Fast Image Categorization Algorithm

Following up on previous posts (available on my research blog here) in which I presented algorithms rooted in information theory that identify structure in images, I’ve come up with a series of algorithms that together allow for very fast image categorization.

Using the algorithms presented in previous posts, the process starts with breaking an image into a set of equally sized rectangular regions. These regions are sized so as to maximize the standard deviation of the entropies of the regions. That is, we size the regions so that they contain maximally different amounts of information. This process alone uncovers quite a bit of structure within an image, and is extremely fast, generally taking only a few seconds on an ordinary laptop. See the previous posts for more on this process.

Next, the algorithm assembles these regions into larger features, using an automata that “crawls” around the image, grouping similar regions together into larger contiguous features. The question arises as to how similar two regions need to be in order to be considered part of a larger contiguous feature. Previously, I answered this question by grouping regions that are within one standard deviation of each other (as measured using a metric I describe in previous posts). This method works very well in general, and is very fast. However, it misses smaller structures in more complex images, such as busy city streets.

So instead, this set of algorithms iterates through different multiples of the standard deviation, beginning with a very small fraction of one standard deviation, and iterating up to one standard deviation. The algorithm then chooses the multiple of the standard deviation for which the structure of the features begins to “crystallize”. That is, the algorithm stops partitioning the image at the point where the structure of the resulting features is most stable. The stability of the structure of the features is tested by measuring the stability of the entropy of the distribution of the features. That is, once the distribution of the features identified by the algorithms begins to stabilize, the algorithm stops partitioning the image.

For example, if between .5*std_dev and .6*std_dev, the number and distribution of features is roughly constant, and is the most stable when compared to all other intervals, then the algorithm will choose delta = .5*std_dev as the optimal value for purposes of testing how similar neighboring regions must be in order to be grouped into a single contiguous feature.

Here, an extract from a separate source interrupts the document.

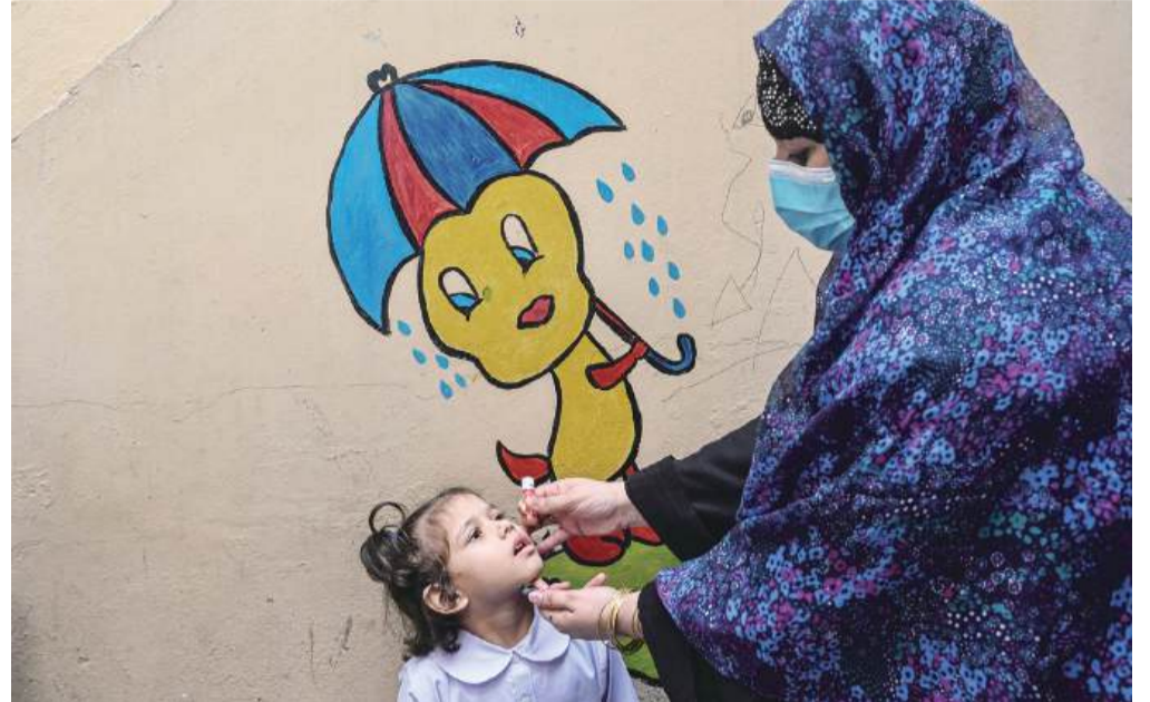
A healthcare worker administers polio drops to a school child during a door-to-door poliovirus eradication campaign in Lahore, Pakistan yesterday.

KABUL – The Afghan government launched the first nationwide polio vaccination campaign of the current year 2026 yesterday to cover around 12.6 million children under five in the post-war nation, the private media outlet Tolonews reported.

In general, the algorithm measures the difference between H(i), the entropy of the distribution of features using a delta of (i*alpha*std_dev), and H(i+1), the entropy of the distribution of features using a delta of ((i+1)*alpha*std_dev), and chooses the value of i that minimizes,

|H(i) – H(i + 1)|.

The theory underlying this approach is that when we don’t distinguish between any of the regions within an image (by using a delta of infinity), the information content of the resultant partition (i.e., the entropy of the distribution of features) is zero, since we are in this case treating the image as one giant feature. That is, the difference between any two regions is finite using any method of comparison, and so if delta is set to infinity, all of the regions will be indistinguishable, producing one feature: the entire image. This feature appears exactly once (since it is simply the entire image), meaning H = 1*log(1) = 0.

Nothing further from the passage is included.